§ RECORDS SHOWN:
▬▬▬▬▬▬
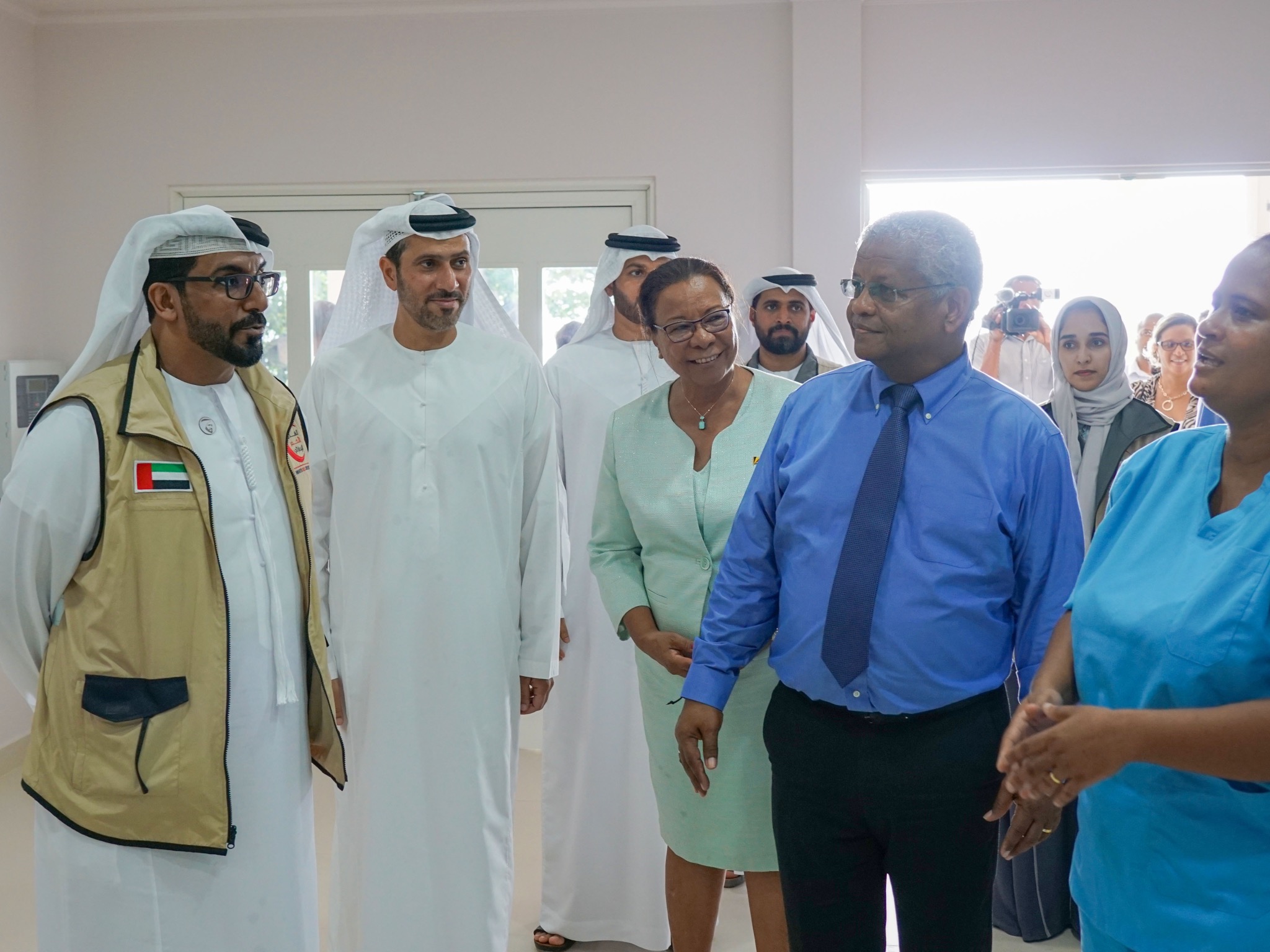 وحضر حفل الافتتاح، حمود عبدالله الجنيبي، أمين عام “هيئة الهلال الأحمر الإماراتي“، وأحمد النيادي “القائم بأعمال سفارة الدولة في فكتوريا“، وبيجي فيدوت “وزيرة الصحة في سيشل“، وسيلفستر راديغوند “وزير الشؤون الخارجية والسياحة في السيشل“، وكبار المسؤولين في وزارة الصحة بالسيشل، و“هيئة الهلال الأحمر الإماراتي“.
▬▬▬▬▬▬
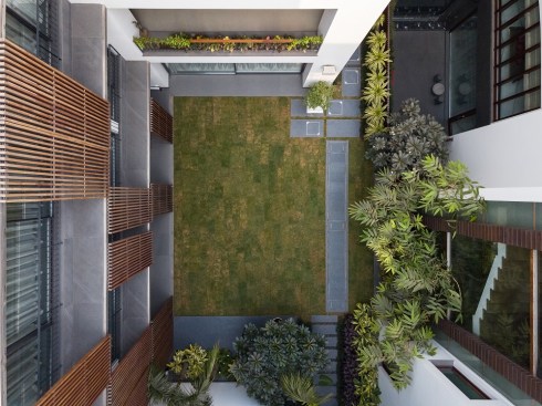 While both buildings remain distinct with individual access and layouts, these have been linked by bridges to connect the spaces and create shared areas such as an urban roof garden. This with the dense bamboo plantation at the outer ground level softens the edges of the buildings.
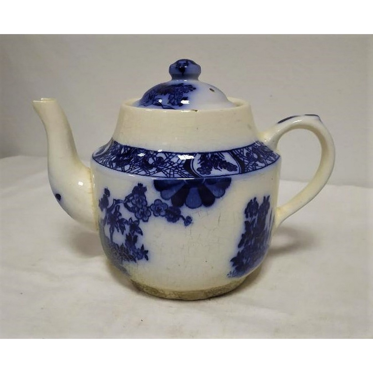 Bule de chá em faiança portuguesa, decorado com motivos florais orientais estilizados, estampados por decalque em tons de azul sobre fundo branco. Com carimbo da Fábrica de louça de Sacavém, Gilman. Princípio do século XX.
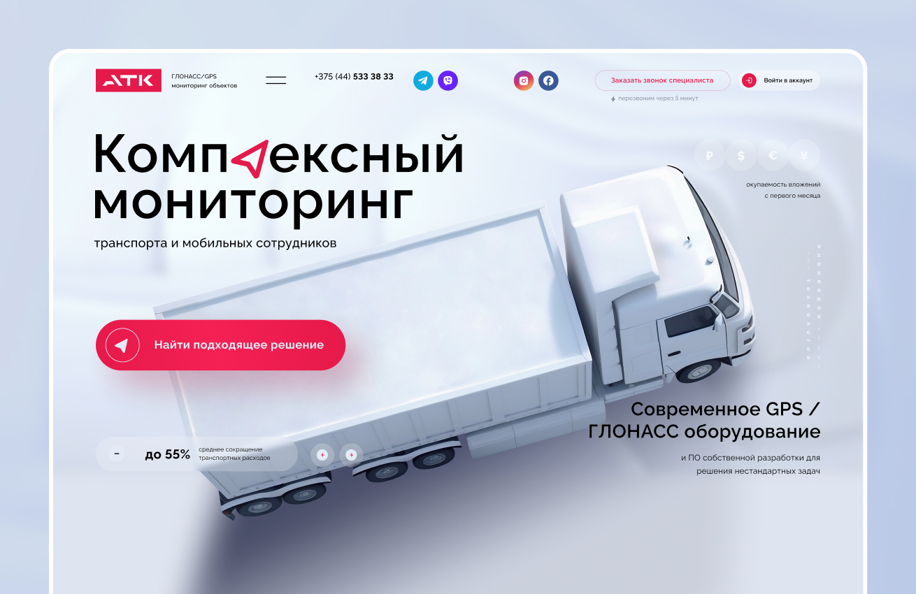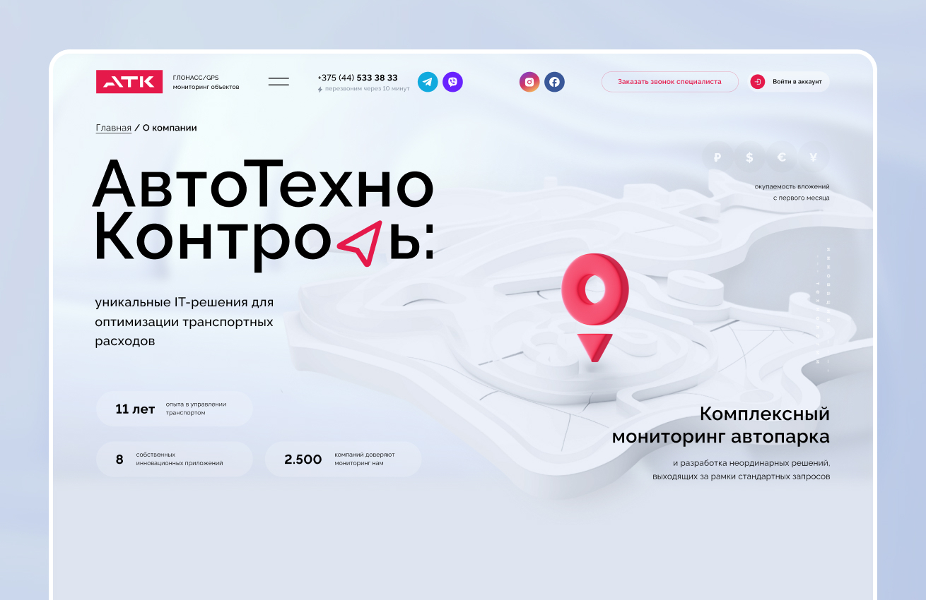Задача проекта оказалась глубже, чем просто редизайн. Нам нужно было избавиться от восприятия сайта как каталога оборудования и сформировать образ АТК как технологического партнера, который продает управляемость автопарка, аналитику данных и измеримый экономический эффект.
▬▬▬▬▬▬
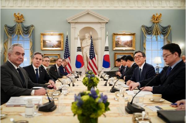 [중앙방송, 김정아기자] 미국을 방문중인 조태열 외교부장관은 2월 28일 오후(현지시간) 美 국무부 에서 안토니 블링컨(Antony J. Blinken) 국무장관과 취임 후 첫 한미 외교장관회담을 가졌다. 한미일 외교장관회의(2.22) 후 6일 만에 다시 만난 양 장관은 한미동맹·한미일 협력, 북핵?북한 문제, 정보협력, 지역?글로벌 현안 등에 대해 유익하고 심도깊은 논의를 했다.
▬▬▬▬▬▬
§ THE TASK:
Now transcribe the lines above exactly, starting at the line containing "Bule de chá" and ending at the line containing "Задача проекта оказалась", both lines included, pictures excluded.

§ EXERCISE SOLUTION:
 Bule de chá em faiança portuguesa, decorado com motivos florais orientais estilizados, estampados por decalque em tons de azul sobre fundo branco. Com carimbo da Fábrica de louça de Sacavém, Gilman. Princípio do século XX.
Задача проекта оказалась глубже, чем просто редизайн. Нам нужно было избавиться от восприятия сайта как каталога оборудования и сформировать образ АТК как технологического партнера, который продает управляемость автопарка, аналитику данных и измеримый экономический эффект.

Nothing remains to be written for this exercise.